How is it possible a quadratic Hermitian Hamiltonian $H = b^\dagger b^\dagger + b b$, with $b$ boson, cannot be diagonalized? How can a Hermitian Hamiltonian $H = b^\dagger b^\dagger + b b$, with $b$ boson, cannot be diagonlized?
Given a Hamiltonian 
$$\hat H = b^\dagger b^\dagger + b b \tag{1}$$ 
with $b, b^\dagger$ boson operators and $[b, b^\dagger] = 1$, this Hamiltonian is obviously Hermitian ${\hat H}^\dagger = {\hat H}$.
Let's compute the eigenvalue of this Hamiltonian, we need to do Bogoliubov transformation, 
$$b = u a + v a^\dagger\tag{2}$$
$$b^\dagger = u^* a^\dagger + v^* a$$
The commutation relation requires:
$$[b,b^\dagger] = (|u|^2 - |v|^2) [a, a^\dagger]$$
that is 
$$|u|^2 - |v|^2 = 1 \tag{3}$$
Take (2) into (1):
$$H = (u^* a^\dagger + v^* a)(u^* a^\dagger + v^* a）+ (u a + v a^\dagger)(u a + v a^\dagger)$$
$$H = ((u^*)^2 + v^2) a^\dagger a^\dagger + ((u)^2 + (v^*)^2) a a + (v^* u^* + v u) (a a^\dagger + a^\dagger a)$$
The diagonalizing of $H$ requires 
$$(u^*)^2 + v^2 = 0 \tag{4}$$
$(3)\implies$
$$u = \cosh r e^{i \theta_1}$$
$$v = \sinh r e^{i \theta_2} \tag{5}$$
Take $(5)$ into $(4)$, we get
$$\cosh^2 r e^{-2 i \theta_1} + \sinh^2 r e^{ 2 i \theta_2 } = 0\tag{6}$$
i.e.
$$\cosh^2 r \cos 2\theta_1 + \sinh^2 r \cos 2\theta_2 = 0$$
$$\cosh^2 r \sin 2\theta_1 - \sinh^2 r \sin 2\theta_2 = 0$$
We can prove there is no real solutions of above equations.
How is it possible a Hermitian Hamiltonian (especially a quadratic Hamiltonian) cannot be diagonalized?
My questions:


*

*Is there any loophole in above argument? I can't believe it is possible. If $H$ can be diagonalized, how to get the eigenvalue and eigenvector of this specific Hamiltonian?

*If it's really true that $H$ cannot be diagonalized, please give me the reason why it contradicts the common sense like Hermitian matrix/operator can be diagonalized with real eigenvalue, quadratic Hamiltonian can be exactly solvable, etc.
 A: Essentially,  you are trying to prove that your initial Hamiltonian can be rewritten as
$$H = r a^\dagger a + sI\tag{1}$$
where $r$ and $s$ are reals and $a^\dagger$ and $a$ satisfy bosonic ccrs and there is a vacuum vector for $a$. 
This is a much stronger condition than diagonalizability!
However, it is possible to prove that the requirement above cannot be satisfied.  In fact, it immediately arises from (1)  that $H$  is either bounded below or above depending on the sign of $r$, because
$$\langle \psi| H \psi \rangle = r \langle a \psi| a \psi \rangle + s \langle \psi |\psi \rangle = r ||a\psi||^2 + s||\psi||^2$$
Instead
(with some technical  hypothesis on the domain and some other technicality as  Stone-von Neumann's theorem) one can prove that
 $b^\dagger b^\dagger + bb$ is not bounded below nor above.
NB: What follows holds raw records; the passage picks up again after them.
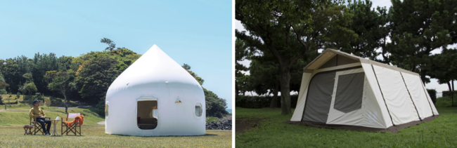 アウトドアリビングの設置と、Instant House by LIFULや、薪ストーブや焚火を楽しむテント等の異なる3タイプのテントなどでの寝床の提供。
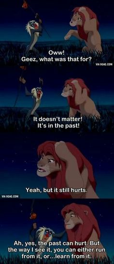 Like Rafiki said, the past can hurt but whether you learn from it or run from it is up to you….I’ve been running or rather avoiding my past but I think it’s time that I stopped running and learn from it… not gonna lie it’s quite difficult dealing with emotions or trauma’s that you’ve locked away for a long time and maybe I won’t be able to deal with it all today but I will one day. You just have to take it one day and one trauma/emotion at a time… đ
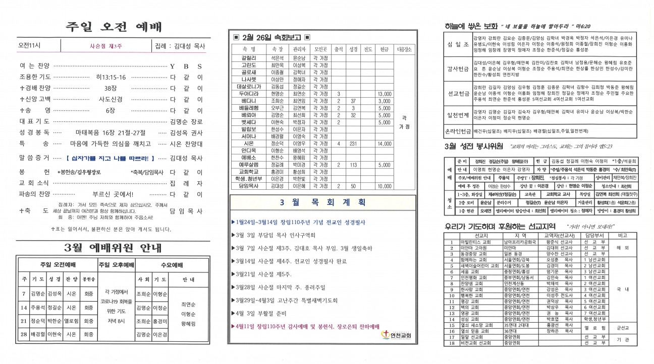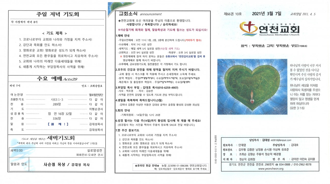 2021년 3월 7일 교회 주보 본문 2021년 3월 7일 교회 주보2021년 3월 7일 교회 주보 샬롬 연천교회 조회 1,537회 2021-03-06 13:04 목록 댓글목록 이전글 2021년 3월 14일 교회주보 21.03.13 다음글 2021년 2월 28일 교회주보 21.02.27
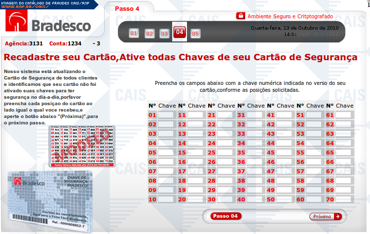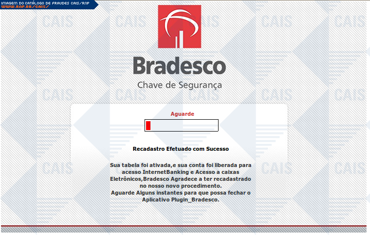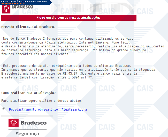 | comentário | Fraude bem comum, em nome do Banco Bradesco, solicitando que o cliente faça o recadastramento do seu cartão de chaves de segurança. O email informa ainda que, se o cliente não realizar o recadastramento, terá sua conta bloqueada e receberá uma multa no valor... (leia mais) | |
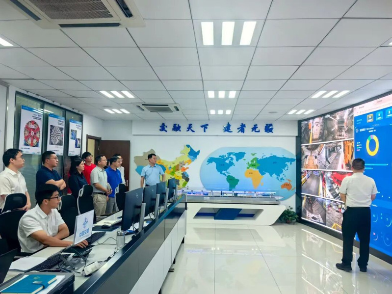 团队走进中国交通建设集团盾构施工安全监控中心,了解其在重大工程施工中的数字化安全保障机制。这一中心作为盾构施工数据集成与预警平台,全天候对国内外在建盾构项目进行安全监测与风险分析。中心通过实时采集盾构机的推进力、扭矩、倾角等参数,利用高性能计算与大数据分析对施工状态进行动态监控和风险预测。在可视化监控平台上,博士团成员看到海量施工数据与模拟结果实时更新,形成了从数据采集到风险预警的全流程智能闭环。调研过程中,博士生们听取了专家关于“数字孪生盾构施工”的讲解,团队成员还就多源数据融合、云计算和网络安全等问题与企业技术人员展开讨论,通过实地观摩和交流,加深了对数字化盾构技术体系的理解,明确了数学知识在安全监测、风险评估等方面的实践价值。
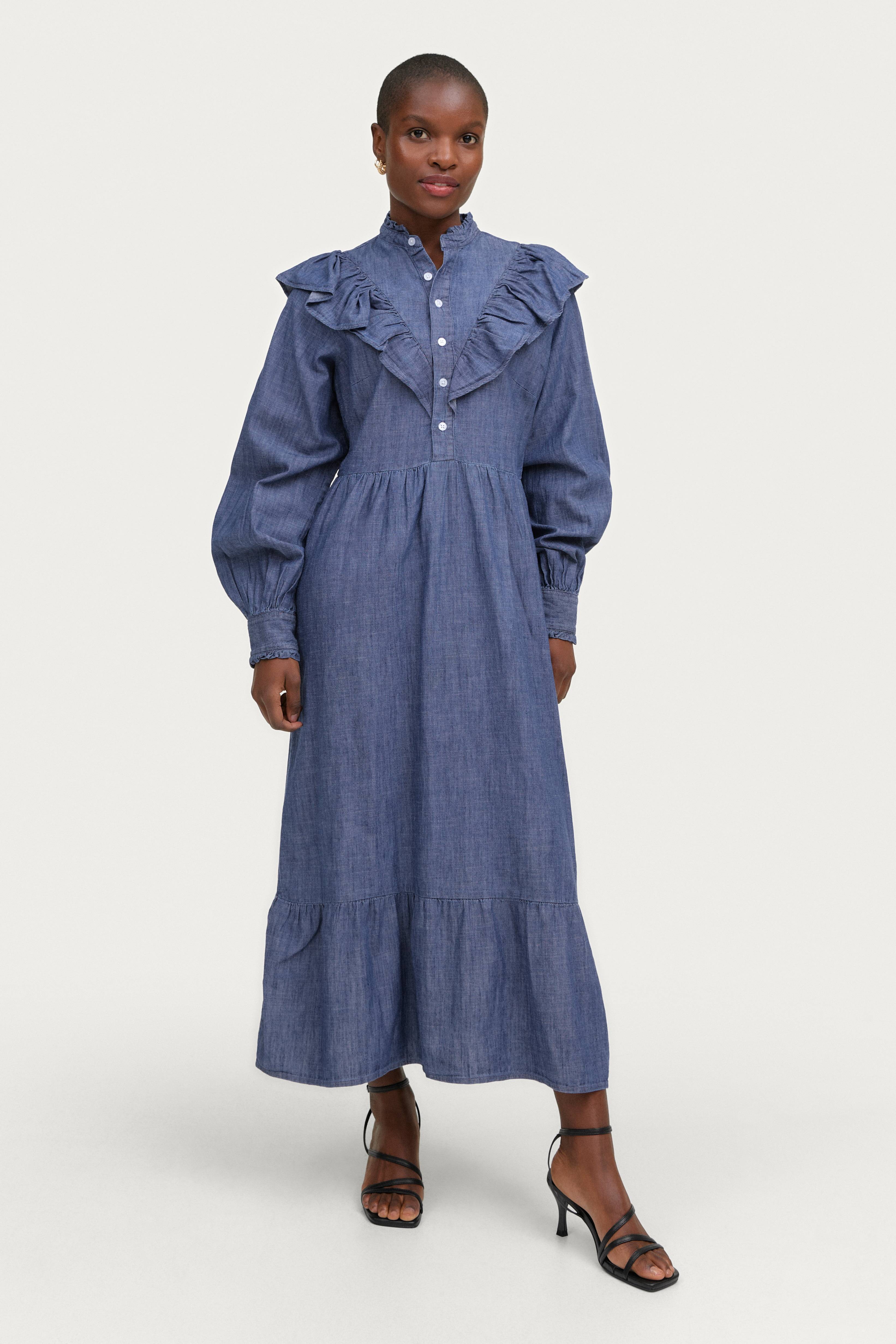 • Kjole i bomuldsdenim • Knapper foran • Rund hals • To knapper ved manchetterne • Volantdetaljer omkring skuldrene, foran og bagpå • Længde: 125 cm i størrelse 36 • Ellos samarbejder med Better Cotton for at forbedre bomuldsdyrkningen globalt. Better Cotton er en global nonprofitorganisation, der underviser bomuldsdyrkere i metoder til mere bæredygtig bomuldsdyrkning og arbejder for mere effektiv brug af vand og reduceret brug af pesticider. Better Cotton bringer forbedrede sociale, økonomiske og miljømæssige forhold for bomuldsbønder. Ved at vælge vores bomuldsprodukter støtter du vores investering i Better Cottons mission. Better Cotton er fremskaffet via et system med massebalance og kan ikke fysisk spores til slutprodukter. Besøg bettercotton.org/learnmore for mere information om Better Cotton.
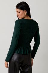 Add a touch of charm to your wardrobe with this Elsie top in dark green. Featuring a round neck, smocked bodice, and long sleeves, it blends comfort with a feminine flair. The playful ruffled hem adds movement and a fun finish, making it perfect for both casual outings and dressier occasions!
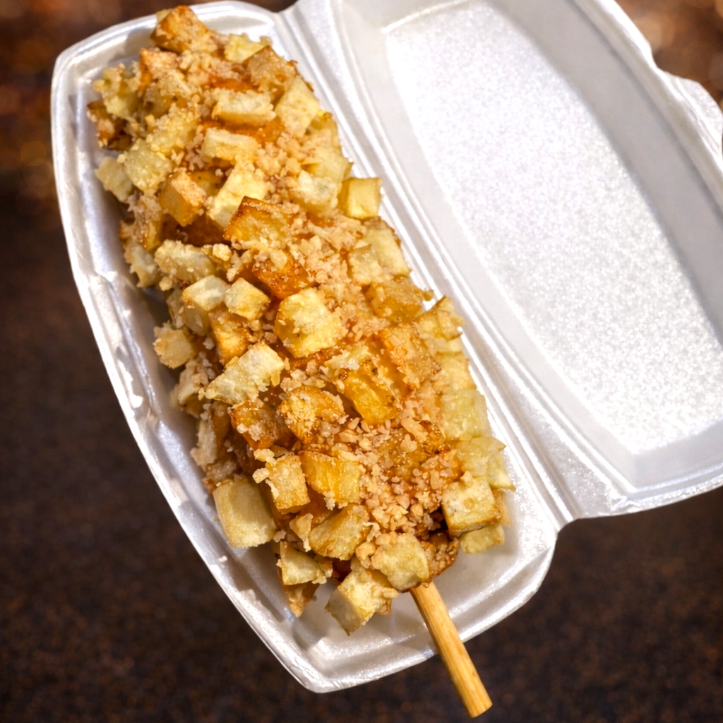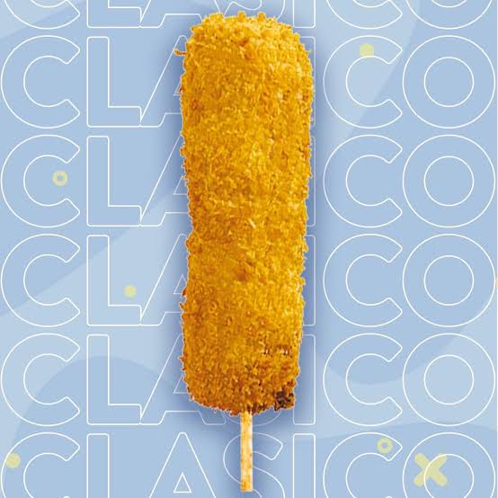 DELICIOSA BANDERILLA RELLENA DE MITAD QUESO MOZZARELLA Y MITAD SALCHICHA CUBIERTA DE CUBITOS DE PAPA

Therefore operators $a$ and $a^\dagger$ cannot exist.
To prove that the initial Hamiltonian cannot be bounded, observe that defining $X = b + b^\dagger$ and $P = i(b-b^\dagger)$, these operators satisfy standard ccr up to a real factor and $H$ is proportional to $P^2-X^2$ which is unbouded below and above (here technicalities should be used). In fact,  this is the Hamiltonian of a repulsive oscillator so it is unbouded below, but a unitary transformation which therefore preserves the spectrum swaps $X$ and $P$ changing the sign of $H$, hence $H$ is also unbounded above.
Finally, all that does not mean that $H$ is not "diagonalizable". $H$ is at least Hermitian, presumably selfadjoint on some domain (it depends on details) thus it admits a PVM over the reals. However,  the spectrum is continuos as it happens for the repulsive oscillator, instead of discrete.
A: The formula (1) doesn't define the Hamiltonian it only gives a formal expression. The operator corresponding to this formal expression is not a bounded one. To define an unbounded operator in the Hilbert space of infinite dimension, one has to specify its definition area. Only in this way can one judge if the operator is Hermitian or not, does it have a self-adjoint extension or not. 
I actually should admit that I don't know if there is a Hermitian operator, corresponding to (1).  In case if it exists, it is possible it has no discrete spectrum. Some Hermitian operators do not have normalizable eigenvectors. Then your conclusion about non-diagonalizability of the Hamiltonian by the Bogolyubov transformation might be a consequence of a discrete spectrum absence. Otherwise, a new bosons' vacuum would be a normalizable eigenvector.